If we couldn’t inherently know “who says so?”, we could at least hope to know “why should we believe this?” – and when most of what got written down was records of trade and industry, the shared motive all around was accuracy. Mesopotamian cuneiform, “the world’s first abstract writing” (observes the frequently-worth-reading Tim Harford), wasn’t used for poetry or correspondence, but to create the world’s first accounts – and soon afterwards, to make contracts. Adds Harford, “Writing wasn't a gift from the gods. It was a tool that was developed for a very clear reason: to run an economy.” (I guess this makes cuneiform the lineal ancestor of COBOL, which may turn out to last a comparably long time.)
Over time, though, people started to use writing for sharing of opinions and fictions, as well as to record transactions and to document future commitments. Furthering an agenda became, not an error or a distortion, but a principal use of the technology – and we therefore needed an entire apparatus of qualification. We invented auditors and editors; when the volume of writings grew to global scale, we invented search engines that attempted to weigh relevance and credibility of writings with algorithms reflecting people’s evaluations. Google PageRank would be among the examples – but note well that the final consumer of the information that’s served up by a search engine still gets to see a “says who?”, providing at least an opportunity for critical filtering.
What then of generative AI? One of my colleagues here at Salesforce said a week ago, correctly, that “their job is to generate from a prediction, and there is no concept of truth.” This isn’t a bug that can be fixed: it’s an inherent either-or between two different and incompatible goals for these systems. As noted by Stephen Wolfram, “there’s an ultimate tradeoff between capability and trainability: the more you want a system to make ‘true use’ of its computational capabilities, the more it’s going to show computational irreducibility, and the less it’s going to be trainable. And the more it’s fundamentally trainable, the less it’s going to be able to do sophisticated computation.” There is no “says who?”; there is no fitness function that rewards improvement of accuracy; there is no explicit visibility, let alone editability, of the components that have been mashed up into the output that we receive from a prompt.
Detecting plagiarism, recognizing hallucination, and complying with basic requirements of GDPR and similar strictures are going to be obstacles (perhaps even roadblocks) for GPT models built on public data – as opposed to models that are constructed to assemble the data of an enterprise into a conversational knowledge base, which may turn out to be the far more valuable role for this technology.
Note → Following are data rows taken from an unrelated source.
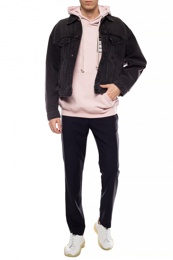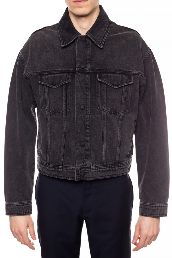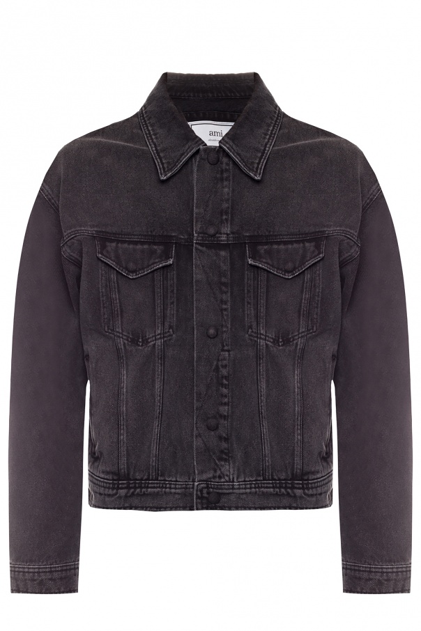 Dark grey denim jacket from Ami Alexandre Mattiussi. Snap fastenings. Two slip pockets and two flap pockets fastened with snaps on the front.
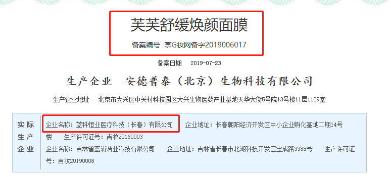 記者了解到,藍(lán)科恒業(yè)醫(yī)療科技(長(zhǎng)春)有限公司是芙芙舒緩煥顏面膜、芙芙深澈潤(rùn)顏面膜、芙芙抑痘凈顏面膜、芙芙清痘復(fù)顏面膜等產(chǎn)品的生產(chǎn)企業(yè)。其中芙芙舒緩煥顏面膜在網(wǎng)購平臺(tái)上芙芙官方旗艦店總銷售量達(dá)54萬。
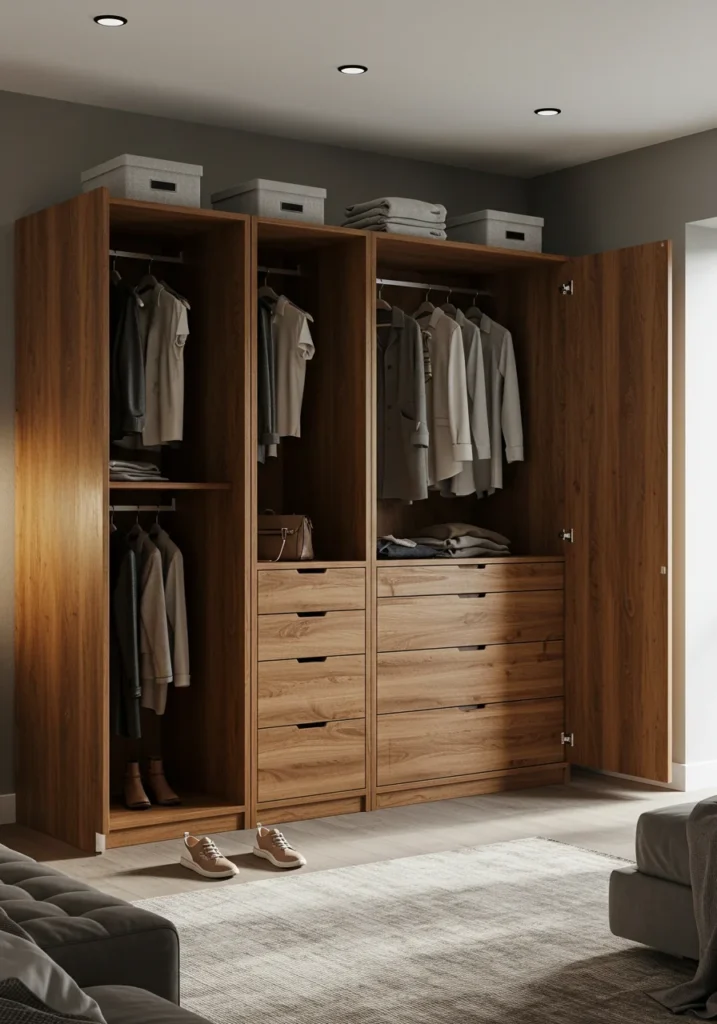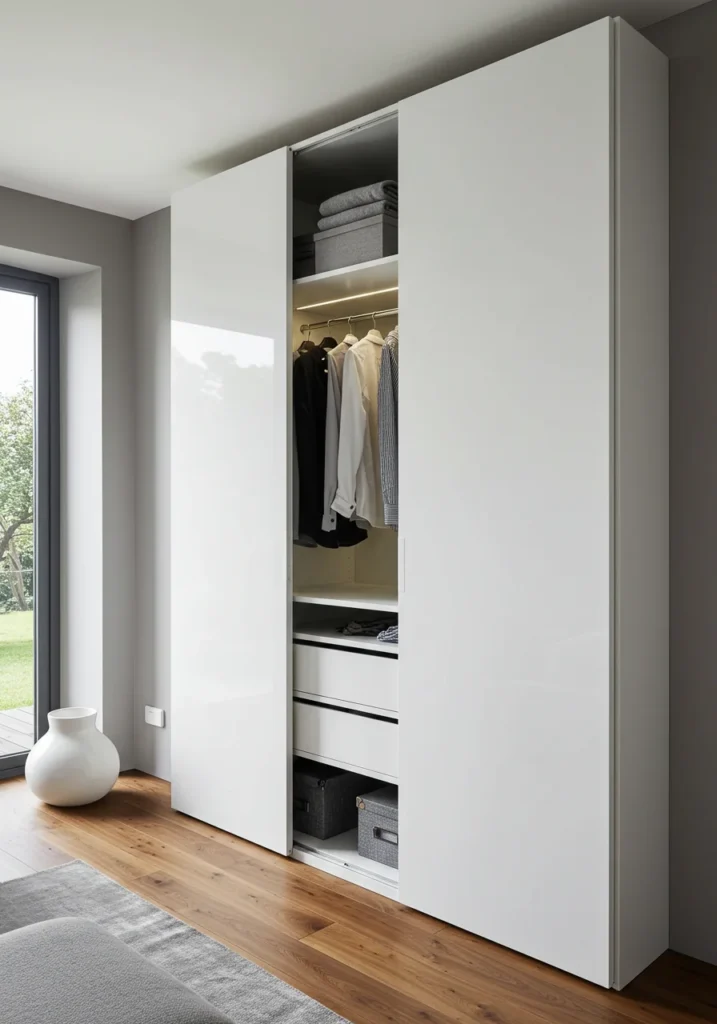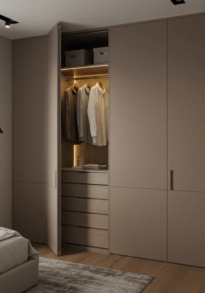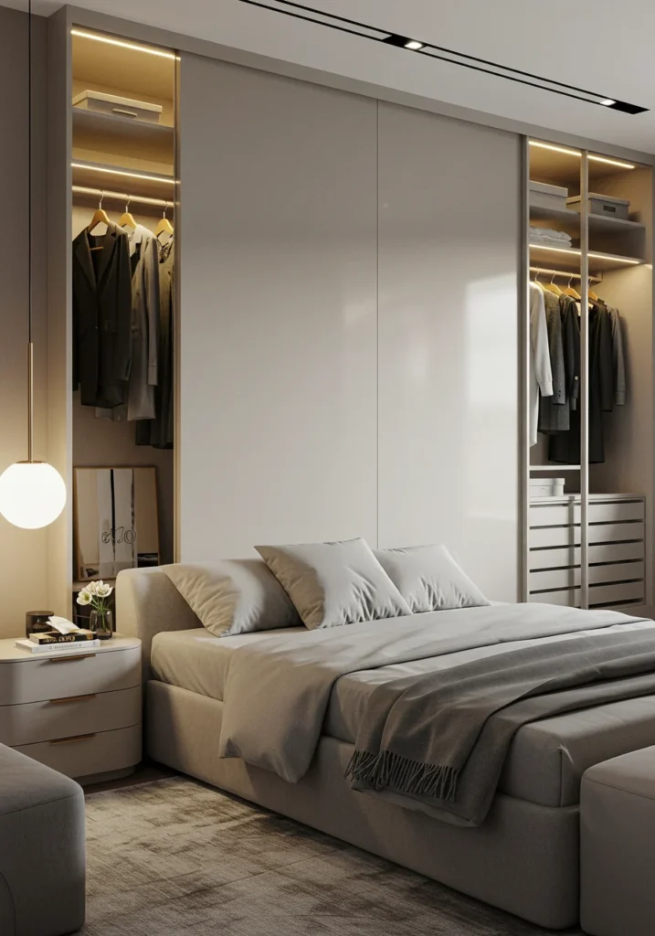 A Scandinavian-inspired compact wardrobe is perfect for small bedrooms where simplicity and functionality are key. Light wood finishes, clean lines, and minimal hardware give the wardrobe an airy, calming feel, making the room seem larger and brighter. These wardrobes often combine open shelving with concealed storage, creating balance between accessibility and tidiness. Slim profiles and neutral tones ensure the closet blends seamlessly into the décor rather than dominating the space. Inside, you can add smart organizers such as pull-out drawers, rods at different heights, and modular boxes for accessories. Many Scandinavian designs also emphasize eco-friendly, sustainable materials, adding an extra layer of value. This wardrobe style pairs beautifully with neutral or pastel color palettes, natural textiles, and uncluttered layouts. The combination of functionality and understated elegance makes it a timeless choice for compact bedrooms. A Scandinavian compact wardrobe proves that small spaces can feel both organized and stylish, without sacrificing comfort or warmth.
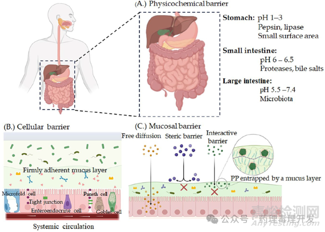 PP治療藥物通常被歸類為生物藥劑學(xué)分類系統(tǒng)(BCS)的Ⅲ類(低滲透性、高溶解度)或Ⅳ類(低滲透性、低溶解度),口服生物利用度通常低于1%,有時(shí)甚至低于0.1%。PP通過胃腸道吸收的主要障礙包括化學(xué)因素、酶解因素以及與胃黏膜和腸上皮層相關(guān)的滲透因素。
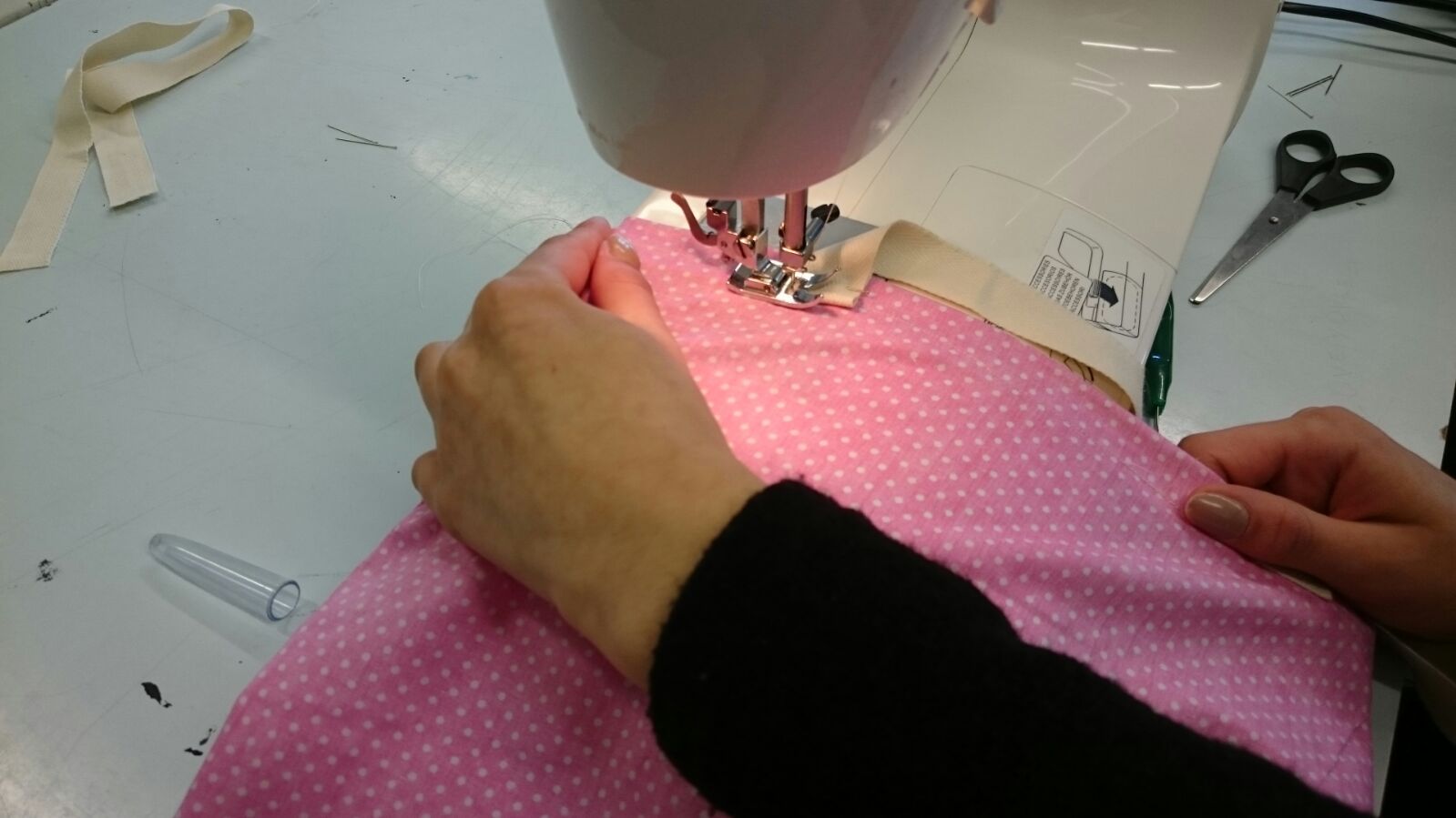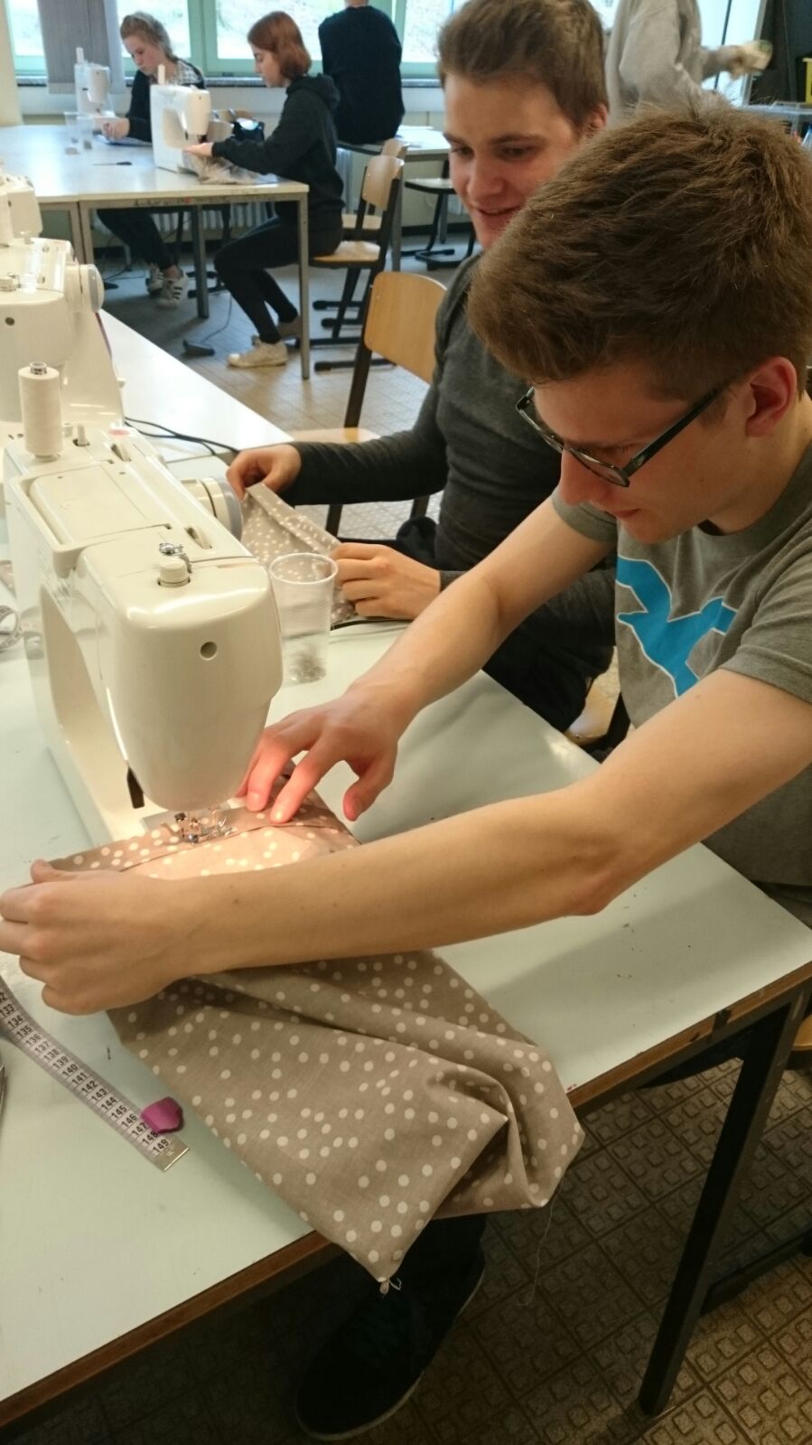 Bei der Nähstation stellten die Schüler eigenständig Jutebeutel her. Dabei dürften die SchülerInnnen zwischen vier verschiedenen Mustern wählen.
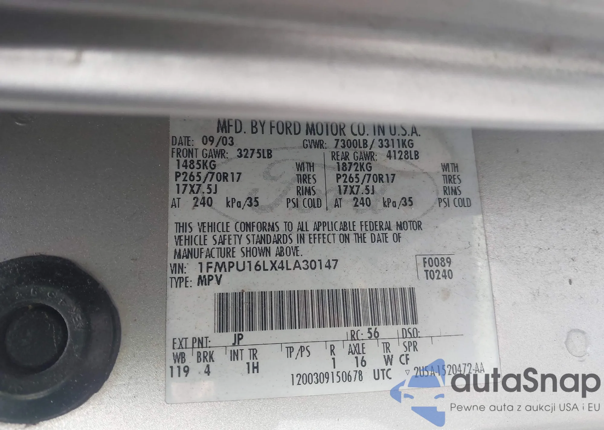 • VIN 1FMPU16LX4LA30147
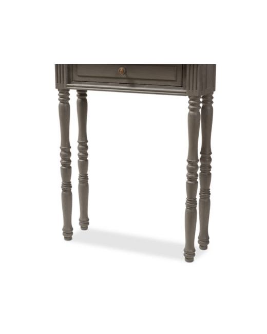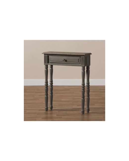 Add an element of vintage-inspired design to your space with this one-drawer console table. Antique-inspired details, including bronze-tone hardware and turned-style legs, enhance the charming traditional style of this piece.
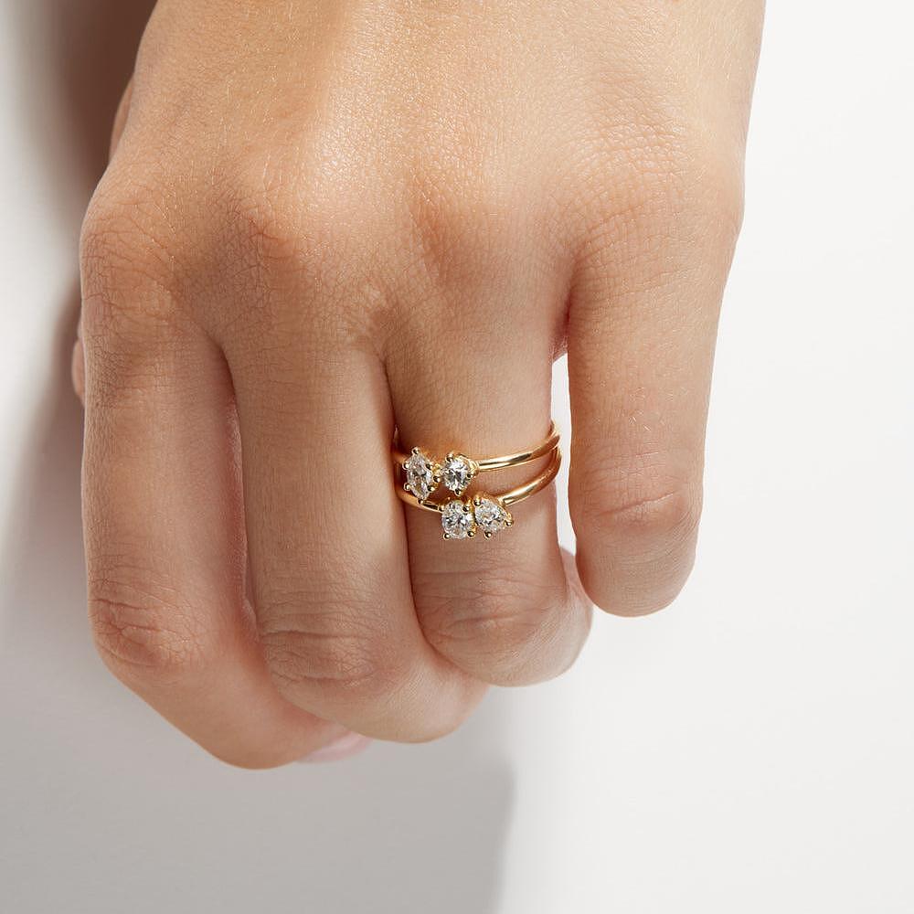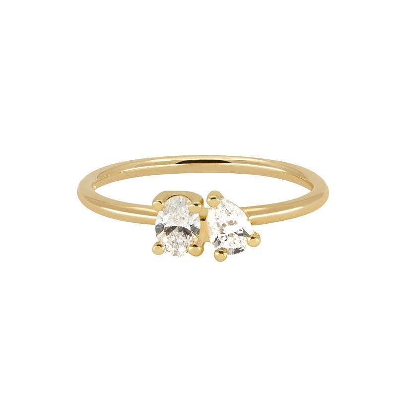 Сребърен пръстен Passion с цирконий и 18К златно покритие, двоен диамант, размер 7.
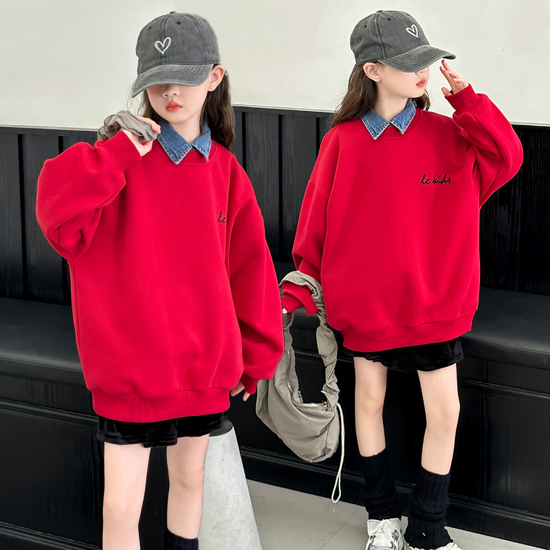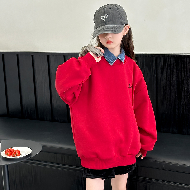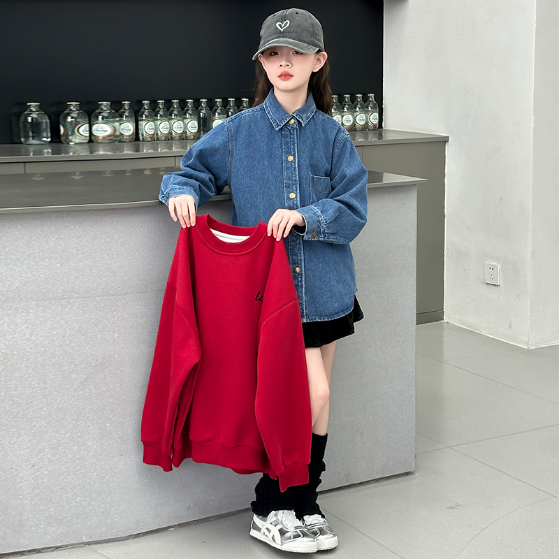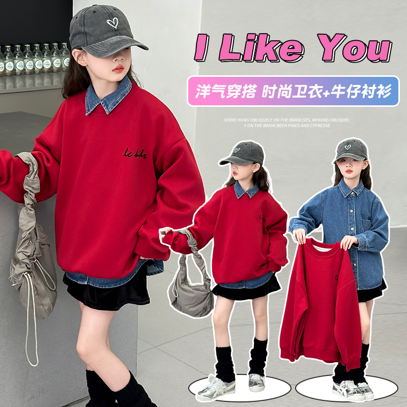 乐橙-LC5821安可拉红卫衣牛仔衬衫套装

The use of GPT to answer the Lew Platt question, “What does our company know?”, seems likely to be more valuable than the answer to “What does ‘the world’ believe?”
In the meantime, though, we have professional obligations to understand the components of information; to recognize and optimize the risks arising from assembling, applying, and relying on that information; and to be aware of, and responsibly compliant with, the relevant (and rapidly changing) laws. Further, an increasingly information-aware marketplace will be watching us, and judging us against rising expectations and (perhaps unconscious) assumptions, concerning the content and source and motivation of what that market hears and sees.
These things, we still have time (and actually increasing need) to put between hard covers. And open the books. And think about what we read.